Millions of Facebook, Instagram and WhatsApp users have had to go through life without these three apps after they were completely down for hours last week.
We asked you to tell us how the disruption of these platforms affected your life and what you did during the break, and we spoke to a group of BBC Arabic Online audience, who shared their experiences with us.
Not the first time
Abul-Hassan Safaa, who works as a lecturer at a technical institute in Kirkuk, Iraq, says: “I use WhatsApp to attend meetings and exchange notes about work because it is more secure than other platforms such as Facebook, for example.”
At first, Abu al-Hassan believed that the flaw in the WhatsApp, Facebook, and Instagram applications might be related to developments in the political scene in his country or expected demonstrations, as he says that people in Iraq “were used to this happening during a period of crises and demonstrations against the government.”
But after searching in Google, he realized that the main fault was the source of the company itself.
As an alternative to WhatsApp, the 27-year-old resorted to the Telegram application, in order to exchange files and notes with students and teachers about work and lectures, and found it a good option.
He says: “The Telegram application for me is a sufficient and safe application, because our personal numbers do not appear, and therefore the chance of receiving harassment from unknown people decreases.”
Regarding Facebook and Instagram, Abul-Hassan says that he, like many, uses them for entertainment, news and quick publications, which made the impact of their absence a little for him.

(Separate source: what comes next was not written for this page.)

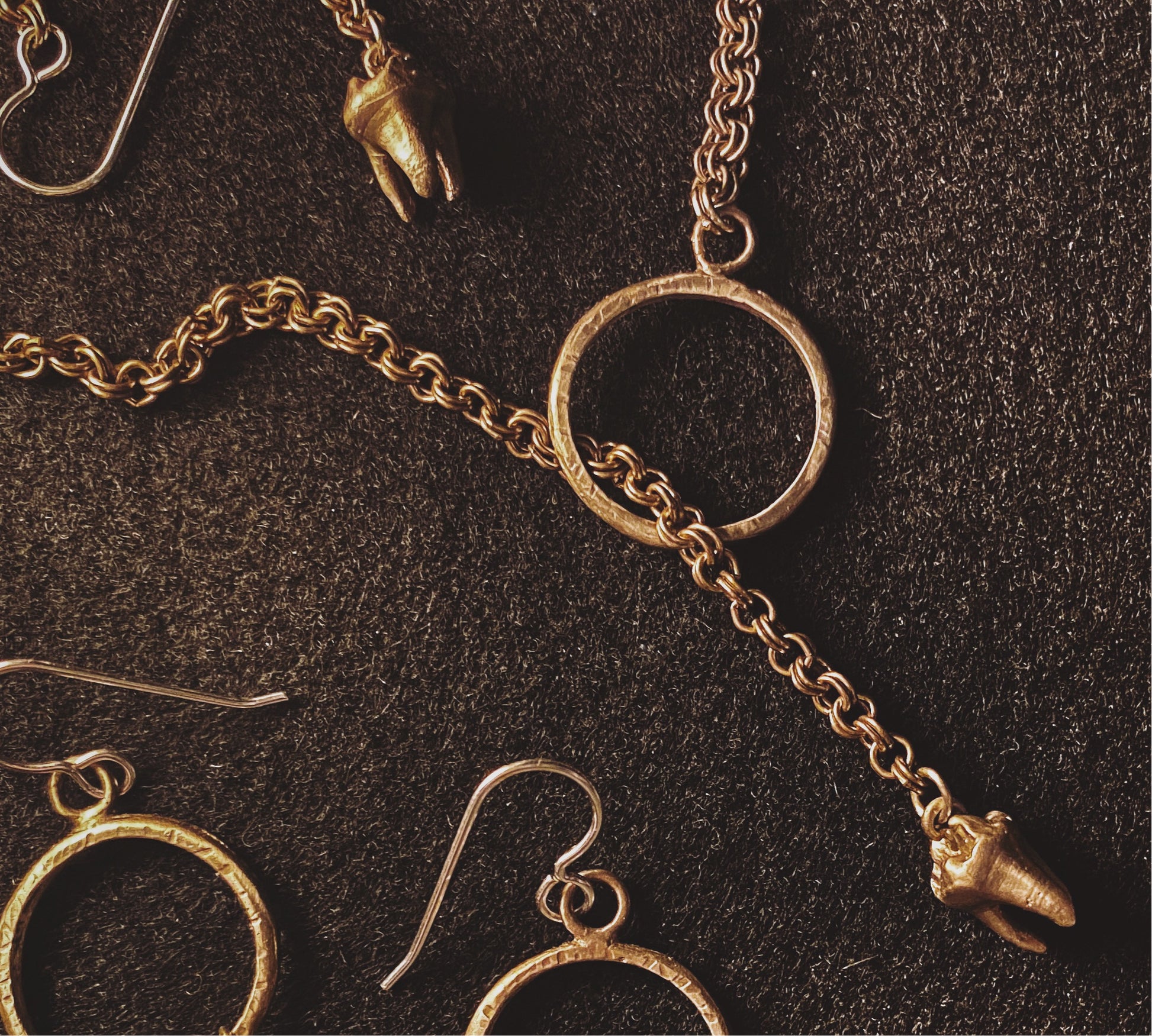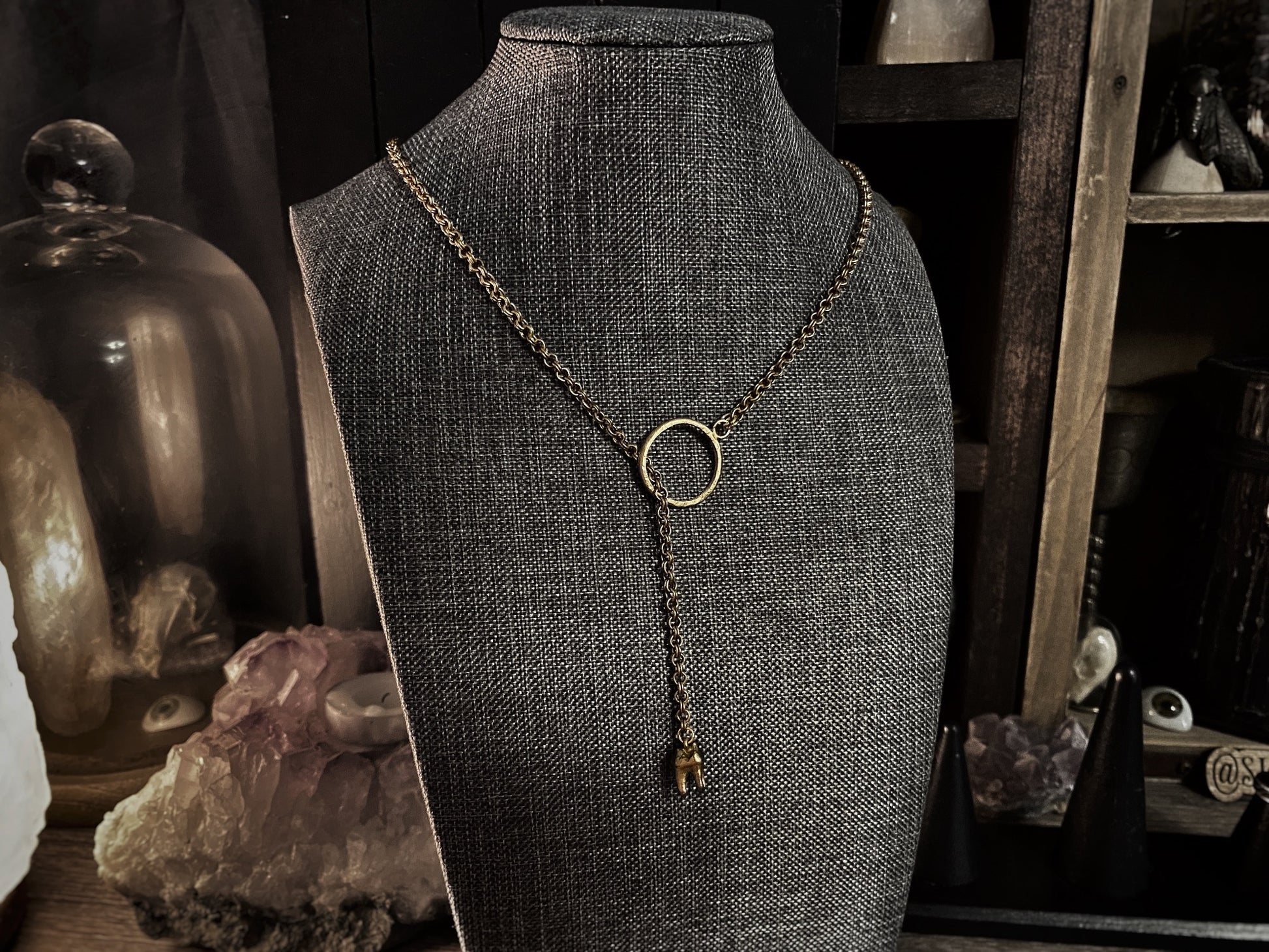 - Its antique gold plated double cable chain measures about 28" but can be adjusted as tight or loose as you like because it's a lariat. The hand carved and cast brass circle is used as an enclosure; just pass the tooth through and let dangle. Jump rings are 18K gold plated stainless steel.

Mona Youssef, (37 years), a Syrian residing in the Saudi city of Riyadh, expressed her happiness at the disruption that affected the Facebook, Instagram and WhatsApp platforms: “I was happy that these three sites were down because my two sons are very attached to Instagram and Facebook and spend long hours texting their virtual friends and following pages that I absolutely do not like for their pettiness. “.
But on the other hand, she was disappointed, because she herself uses the WhatsApp application to communicate with her family distributed between Syria, Jordan, Lebanon, Turkey and Europe.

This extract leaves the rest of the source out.